The same person messaging from a group chat versus a 1:1 sees the same working memory (same `resourceId`), but conversation history is per-thread (different `threadId`). That's usually what you want - the agent remembers *who you are* across all chats but treats each thread as its own conversation.

```mermaid theme={null}
flowchart TD
  Sender[senderAddress: alice@example.com]
  Sender --> WM[Working memory:<br/>per-resource]
  Sender --> Notes[Observational notes:<br/>per-resource]

  Chat1[chat-1<br/>1:1 with alice]
  Chat2[chat-2<br/>group with alice + bob]

  Chat1 --> H1[Message history<br/>per-thread]
  Chat2 --> H2[Message history<br/>per-thread]

  WM -.shared across.- Chat1
  WM -.shared across.- Chat2
```

If you shard memory across databases or tenants, each shard needs to follow the same convention. Test multi-user concurrency hard - race conditions in working-memory updates corrupt state silently and you won't notice until two users compare notes.

## Job failure audit log

When a job fails, you want to know which job, when, with what payload, and why - without grepping through rotating logs.

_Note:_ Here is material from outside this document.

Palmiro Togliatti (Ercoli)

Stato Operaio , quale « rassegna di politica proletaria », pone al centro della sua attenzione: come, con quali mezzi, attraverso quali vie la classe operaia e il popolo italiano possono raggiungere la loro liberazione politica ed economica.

A `job_failures` table is a small amount of code that pays back disproportionately. Every error path calls `recordJobFailure(queueName, jobId, payload, error)` and inserts a row. Now you can ask:

* "Which jobs failed in the last hour?"
* "Are all failures coming from one chat?" (a corrupt working-memory state)
* "Are all failures from one queue stage?" (a transport outage vs. an LLM bug)
* "What was the payload that triggered this?" (reproducer)

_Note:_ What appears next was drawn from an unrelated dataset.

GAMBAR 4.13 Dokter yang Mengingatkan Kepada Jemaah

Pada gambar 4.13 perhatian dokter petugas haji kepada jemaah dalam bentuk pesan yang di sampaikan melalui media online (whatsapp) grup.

Couple of operational notes:

* **Add a retention policy.** Otherwise the table grows forever. Delete entries older than 30 days.
* **Make `recordJobFailure` itself fail-safe.** Wrap it in a try/catch with a log fallback - you don't want a failed-failure-record to take down the worker.
* **Be careful with payload size.** If your jobs carry images or large blobs, the audit table balloons. Either truncate the payload or store a pointer to it.

## Putting it together

The crash-recovery story:

```mermaid theme={null}
flowchart TD
  Job[Job starts] --> Try{Run handler}
  Try -->|success| Done[Done]
  Try -->|crash| Retry[Queue retries with same jobId]
  Try -->|error| Audit[recordJobFailure]
  Audit --> Retry
  Retry --> Resume[Load startIndex]
  Resume --> Send[Send from startIndex onward]
  Send --> Tx{Transport check}
  Tx -->|new clientGuid| Deliver[Delivered]
  Tx -->|seen clientGuid| Skip[Discarded as dup]
  Deliver --> Bump[Persist startIndex]
  Skip --> Bump
  Bump --> Done
```

Three independent layers - queue retry, resume cursor, transport dedup - and any one of them is enough to prevent a duplicate in most failure modes. Together they survive almost everything short of the database itself going down.